▸ **PROBLEM STATEMENT**
Would you give again, exactly as written, the lines from the opening of the records to the line with "niveau +2,75 : palier/bureau, 2", that line included and pictures excluded?

▸ **RECORDS FOR THE EXERCISE**
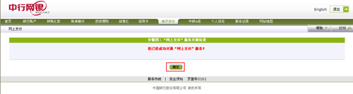 頁(yè)面提示已經(jīng)成功開(kāi)通網(wǎng)上支付服務(wù),點(diǎn)擊“確定”(圖8)。
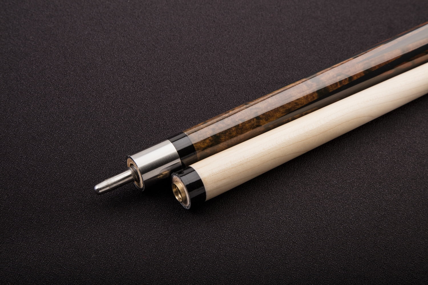 The Mizerak 58-inch, Two Piece Premium Maple Cue is made with tri-carbon composite technology for an extremely solid strike with a sensitive feel. The cue features a 13mm fiber ferrule with 8-layer leather tip, 25mm stainless steel joint with turbo-lock technology and pressed Irish linen wrap. 58 in TriCarbon Composite creates a sensitive feel–but will not warp
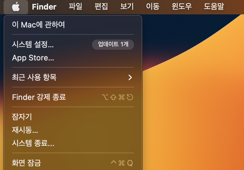 먼저 맥 사과 모양을 누르시면
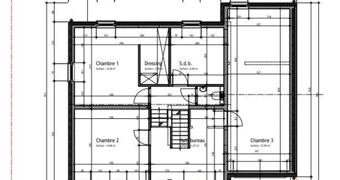 niveau +2,75 : palier/bureau, 2 chambres (14,86 m² et 27,99 m²).
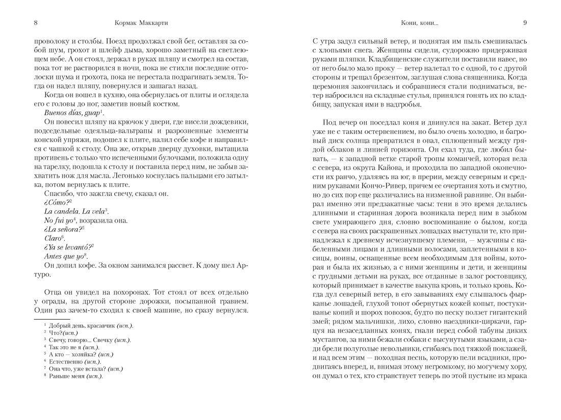 Великолепная книга. Для тех, кто не ищет спешки в сюжетах. Для тех, кто готов вечерами с кружками чая, проводить по паре часов в спокойной обстановке. Роман о жизни людей, у которых жизнь, вроде, идет своим чередом, но какие-то события, порывы вносят в их жизнь динамику. При этом сюжет не впрыскивает дозы адреналина в кровь читающего, заставляя читателя лихорадочно читать предложения и 200% собственного внимание сконцентрировать на книге. Здесь, наоборот, вместе с сюжетом читатель изучает испанский, любуется хорошо прорисованными ландшафтами приграничных регионов обоих государств (США, Мексики), пробует мексиканские блюда, учиться различать породы лошадей и их особенности. В книге великолепные предложения - не зря она уже стала классикой. В книге есть мудрость - отсылка к учениям Г.Гурджиева (надо почитать) и философии гностицизма. Что надо тоже почитать. По завершению последнего роман трилогии остается послевкусие размышлений . Ну например: 1. Если у тебя очень яркая жизнь, пока ты молодой, то либо ты закончишь свою жизнь молодым или ты умрешь бомжом на теплотрассе. Какую жизнь ты хочешь провести? 2. Если начинаешь дело, то к тебе может кто-то легко примкнуть и потом внезапно отойти от дела. Нужно просто смириться и принять данное. Не стоит рефлексировать. 3. Если хочешь достичь недостижимой цели, то будь готов, что жизнь из-за этого можно и потерять. Если вам нужны зрелища, экшн, то из более 1000 страниц текста, здесь он всего лишь примерно на нескольких страницах. Думаю, что вам тогда лучше взять другую книгу. Вам здесь будет скучно. Тем, кто любит атмосферность, пейзажи, размеренность и просто классные предложения - эта книга ваша. Рекомендую
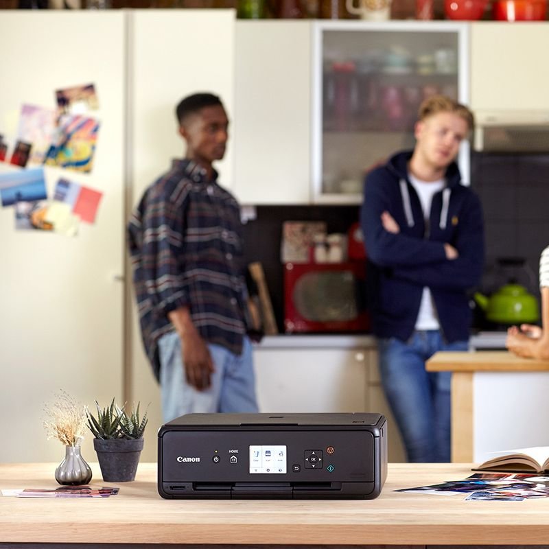 | Drukowanie z dowolnego miejsca Wbudowany w urządzenie PIXMA TS5050 Series moduł Wi-Fi umożliwia drukowanie z urządzenia inteligentnego lub komputera – wszystko dzięki obsłudze systemów Android, iOS i Windows 10 Mobile oraz funkcji Google Cloud Print. Ponadto możesz udostępniać zdjęcia wyjątkowych chwil za pomocą aparatu z funkcją Wi-Fi lub wbudowanego czytnika kart SD. |

▸ **REPLY TO THE EXERCISE**
 頁(yè)面提示已經(jīng)成功開(kāi)通網(wǎng)上支付服務(wù),點(diǎn)擊“確定”(圖8)。
 The Mizerak 58-inch, Two Piece Premium Maple Cue is made with tri-carbon composite technology for an extremely solid strike with a sensitive feel. The cue features a 13mm fiber ferrule with 8-layer leather tip, 25mm stainless steel joint with turbo-lock technology and pressed Irish linen wrap. 58 in TriCarbon Composite creates a sensitive feel–but will not warp
 먼저 맥 사과 모양을 누르시면
 niveau +2,75 : palier/bureau, 2 chambres (14,86 m² et 27,99 m²).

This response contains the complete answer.